26 de junho de 2014

Amor em tempo de crise


Não é ficção mas um evento com tradução real, acontecido neste mundo, como estrela da manhã a iluminar a aurora, mesmo quando ela nasce cinzenta, pardacenta e jamais o dia, que se lhe segue, copia a cor da aurora. 
O amplo jardim estava seco, a relva murchara e as flores, de pétalas caídas, completavam um cenário de abandono e de tristeza. O sol embatia poderosamente nas janelas, mas morria fora por estarem fechadas e de cortinas cerradas. 
A resposta sobre o abandono foi curta e veio rápida. A Teresa foi levada pela morte e o marido ainda chorava a sua partida, semi-absorto, de costas voltadas para o mundo, interrogando-se sobre a crueldade da vida, que lhe arrebatara, tão jovem, a mulher do seu coração, que nem um esforço de aceitação era capaz de fazer para entender.
Por isso não recebia o minicortejo em visita pascal à aldeia; preferia manter o cérebro embotado, fechado, e fechada a casa que foi dos dois, enquadrada no meio de pinhais e eucaliptais, um conjunto belo, a tender para o sumptuoso, banhado todo o dia de luz, claridade, em antagonismo com a tristeza que lhe inundava a alma.  A Teresa sonhara constituir família; casar-se era o seu sonho. E de tanto gostar, como tantas vezes sucede, a incerteza da vida encarregou-se de a contrariar. 
Chegada à idade de o seu coração começar a bater mais célere e os seus olhos não se cruzarem a não ser com o jovem eleito para formar vida e dar vida, começaram projectos comuns à medida que os corpos se aproximavam, mas sempre dominando impulsos infrenes, em excessos, que a entrega total chegaria a seu tempo, antes abençoada e prometida. 
Sem contar, as dores de cabeça vieram amiúde; as imagens apareciam distorcidas, o diagnóstico foi fácil, mas ela acreditava numa remissão; bem podia acontecer a cura; que não desanimasse, isto e aquilo, diziam-lhe e a Teresa deixou-se embalar num grito de esperança para combater a revolta nascente. 
Não abdicou do seu sonho de sempre, de ser mulher e mãe, de acolher nos braços o fruto do seu grande amor, de sentir o seu corpo pequenino, a vida a nascer, que talvez se pudesse comunicar à que, às vezes, parecia esvair-se-lhe por entre a fieira do sonho. 
Não encontrou resistência na concretização no jovem que escolhera para seu companheiro para sempre, à luz das leis natural, humana e divina. 
Ambos partilhavam um raio de esperança na vida por muitos anos, por entre coisas doces e amargas, como sucede entre qualquer casal formado por uma mulher e um homem. 
E chegou o dia de grande alegria.

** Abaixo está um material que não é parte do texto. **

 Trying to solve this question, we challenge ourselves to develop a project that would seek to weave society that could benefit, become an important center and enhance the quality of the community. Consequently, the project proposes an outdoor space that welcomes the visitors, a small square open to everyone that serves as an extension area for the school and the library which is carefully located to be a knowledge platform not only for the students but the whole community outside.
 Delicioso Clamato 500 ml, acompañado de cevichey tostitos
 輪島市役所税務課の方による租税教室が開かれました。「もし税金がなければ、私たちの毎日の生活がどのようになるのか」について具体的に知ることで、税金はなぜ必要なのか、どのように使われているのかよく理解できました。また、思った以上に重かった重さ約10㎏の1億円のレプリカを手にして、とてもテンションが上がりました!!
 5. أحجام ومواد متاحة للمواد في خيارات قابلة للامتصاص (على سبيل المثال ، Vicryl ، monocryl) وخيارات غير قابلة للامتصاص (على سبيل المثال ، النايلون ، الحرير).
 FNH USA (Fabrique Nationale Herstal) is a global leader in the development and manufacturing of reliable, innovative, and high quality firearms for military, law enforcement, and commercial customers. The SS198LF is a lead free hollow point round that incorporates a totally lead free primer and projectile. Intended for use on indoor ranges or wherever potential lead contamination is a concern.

O seu sonho concretizou-se, por entre juramentos recíprocos de fidelidade, auxílio, assistência e geração de vida. A esperança inundava-lhes a alma. E assim partiram à descoberta dela, por entre desejos de que aquele dia jamais tivesse termo. 

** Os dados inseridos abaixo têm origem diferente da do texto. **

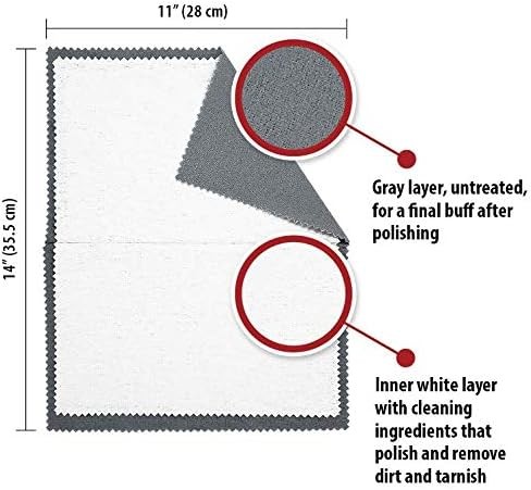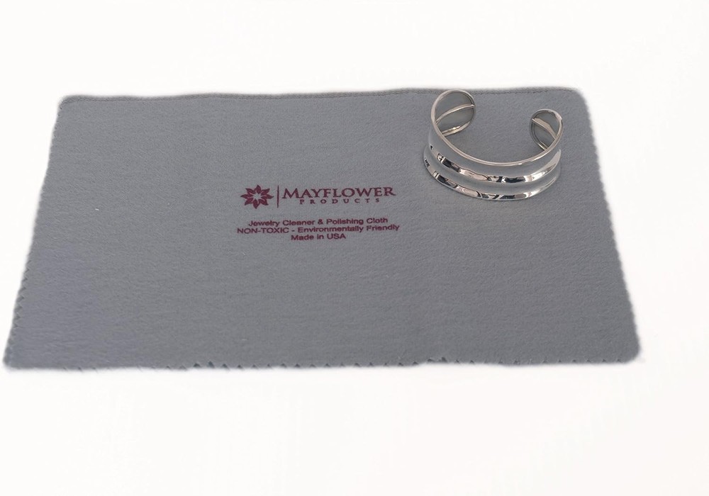 Pro Size Polishing Cleaning Cloth Pure Cotton Made in USA for Gold, Silver, and Platinum Jewelry, Eco Friendly Large Cleaner Cloth 11 x 14 in. Keeps Jewelry Clean and Shiny Product Details Product Dimensions: 14 x 11 x 0.04 inches Item model number: J1114GW Is Discontinued By Manufacturer: No Item Weight: 0.64 ounces Manufacturer: Mayflower Products LLC Scent: Unscented Brand: Mayflower Products Sheet Count: 2 Package Information: Bag Item Form: rectangular SHINES AND PROTECTS: This jewelry polishing cloth cleans, shines, and protects gold (14 k and 18 K), silver, platinum jewelry, coins, and other fine valuables. It's a tarnish remover cloth that restores the original brilliance in metals, prevents new tarnishes and gives jewelry a layer of protection. VALUE. It has three uses: silver polishing cloth, gold polishing cloth, and platinum polishing cloth (great for diamond rings) SAFE for your health and the environment. The inner part of the jewelry cleaner cloth is treated with non toxic ingredients that keep your health safe and protect the environment TWO-STEP SYSTEM: The jewelry cloth has the cleaning ingredients dry-impregnated in the white flannel to clean and polish effectively. Each side of the white cloth has cleaning properties. The untreated gray flannel adds a final shine. Both flannels are made of ultra-soft cotton for gentle cleaning of your valuables. REUSABLE: The polishing cloth can be used multiple times. The life of the cloth depends on the size and number of items cleaned. It can last a long time and should never be washed. PRO SIZE: The size of this large jewelry cleaning cloth is designed for easy polishing of silverware, watches, silver musical instruments, antiques, and big pieces of jewelry. It also provides a better handle for small pieces such as silver rings, coins, medals, and more. The size of each Pro Size jewelry cloth opened is 11 x 14 inches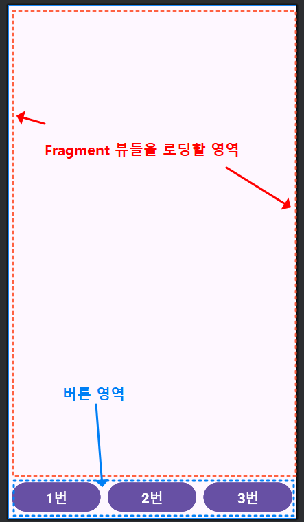 → 3개의 버튼과 3개의 프래그먼트 화면을 각각 만들고 각 버튼들을 클릭하면 각각의 프래그먼트 화면이 로딩 되도록 합니다. 이때 메인 레이아웃(activity_main.xml) 화면에는 FrameLayout을 이용하여 화면을 fragment를 로딩할 View 영역과 버튼을 클릭할 영역으로 구분해서 만들어 봅니다.

De novo as dores e o agravamento de doença que não perdoa. E a morte chegou rápida, nem sequer dando oportunidade de experimentar o calor do corpo pequenino de uma nova vida. 

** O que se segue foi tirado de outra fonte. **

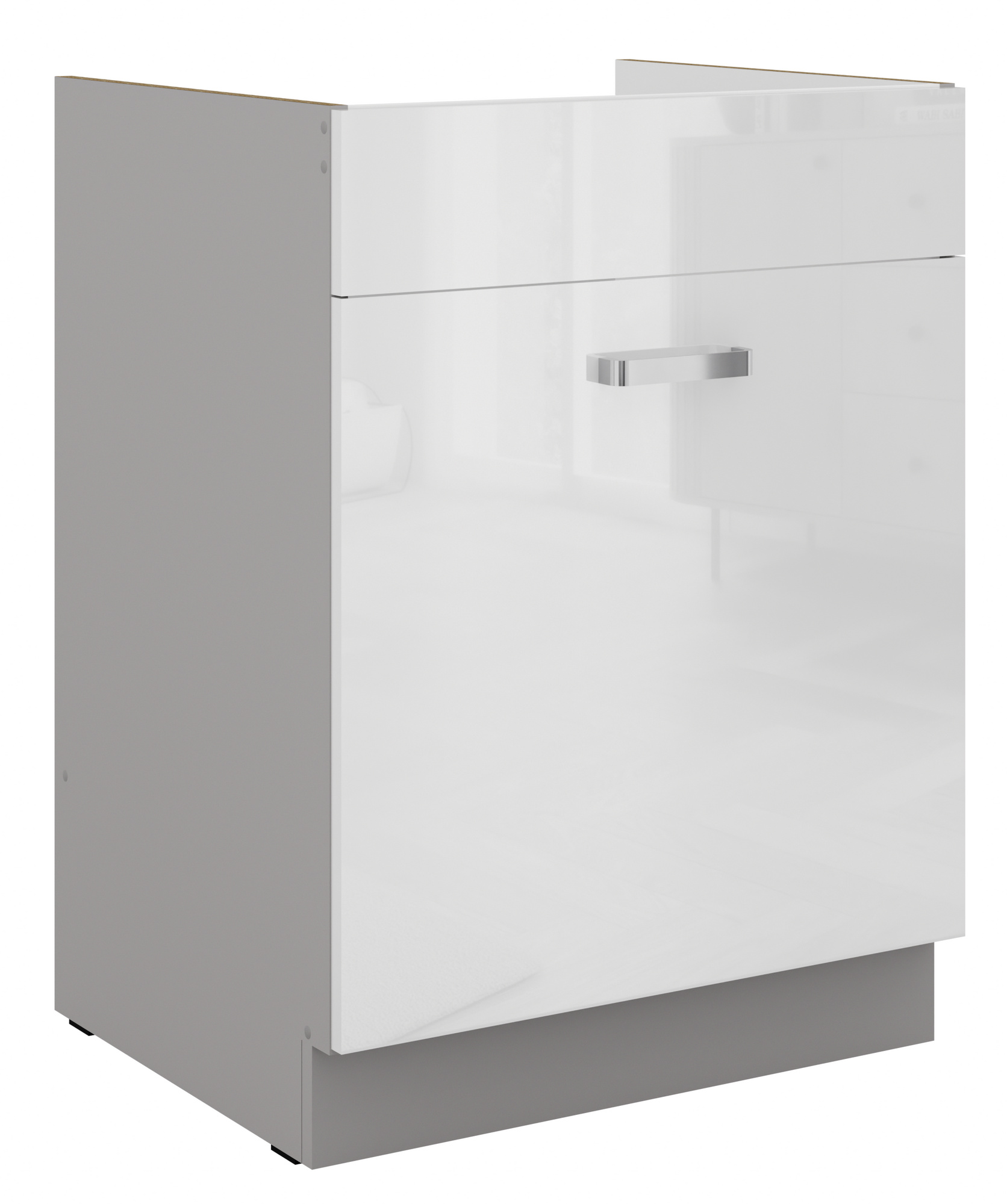 Dolní skřínka BIANCA - 60 ZL 1S BB, Šedá / Bílý lesk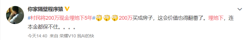网友可不这么认为。网友认为,如果存在银行,这200万还能有40多万的利息呢……前前后后的损失已经接近100万了。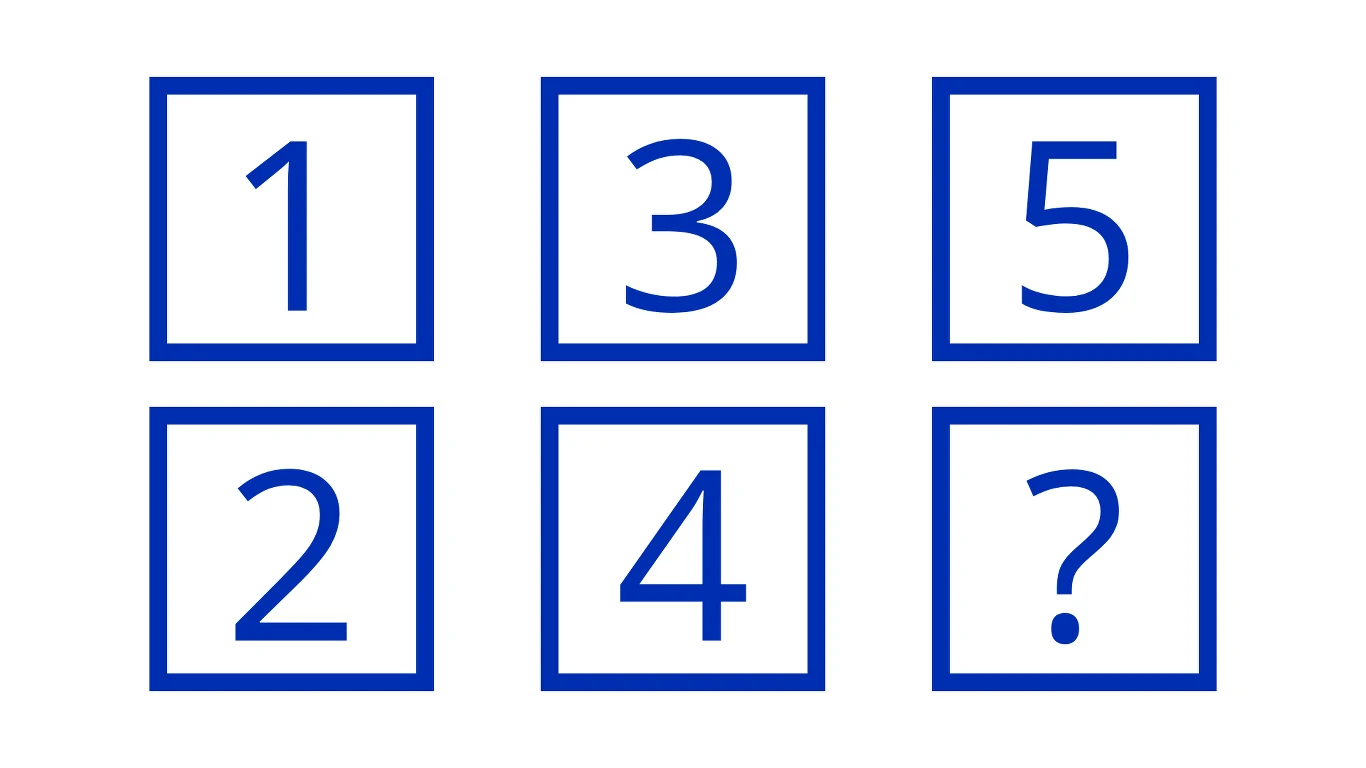 Patrząc na ten zestaw cyfr, od razu na myśl przychodzi nam jedno rozwiązanie i jest nim cyfra 6. Argumentacji tego wyboru może być kilka. W górnym rzędzie bez wątpienia widzimy trzy pierwsze liczby nieparzyste, czyli takie, których nie można podzielić przez dwa bez reszty. Z kolei dwie pierwsze liczby w dolnym rzędzie to przedstawiciele liczb parzystych, czyli takich, które można podzielić przez dwa bez reszty. Czy w takim razie kolejna liczba także będzie liczbą parzystą? Z tej reguły wynikałoby, że będzie to 6. Jednak nie jest to prawidłowa odpowiedź.

A Teresa foi a descansar, rumo à eternidade; antes de partir, jurou uma vez mais àquele que escolhera para marido continuar a amá-lo nesse outro mundo que ia acolher onde não há choro e nem ranger de dentes. 
Nem um nem outro, nesse amplexo de fim de meta final se lamentaram por cada um perder a companhia do outro. A felicidade tinha-os arrebatado. Nada havia que lastimar. 
Ambos quando se uniram sabiam que o desfecho era imprevisível e podia ser o pior,  como sucedeu, mas o amor triunfou. 
Não houve hesitações, não desfizeram a correr e sem olhar para trás os compromissos de tempos sem contratempos. Ambos se queriam fazer felizes e partiram para o incerto, o desconhecido, de mãos dadas, porque a felicidade, ainda que por pouco tempo, valia mais que a morte. 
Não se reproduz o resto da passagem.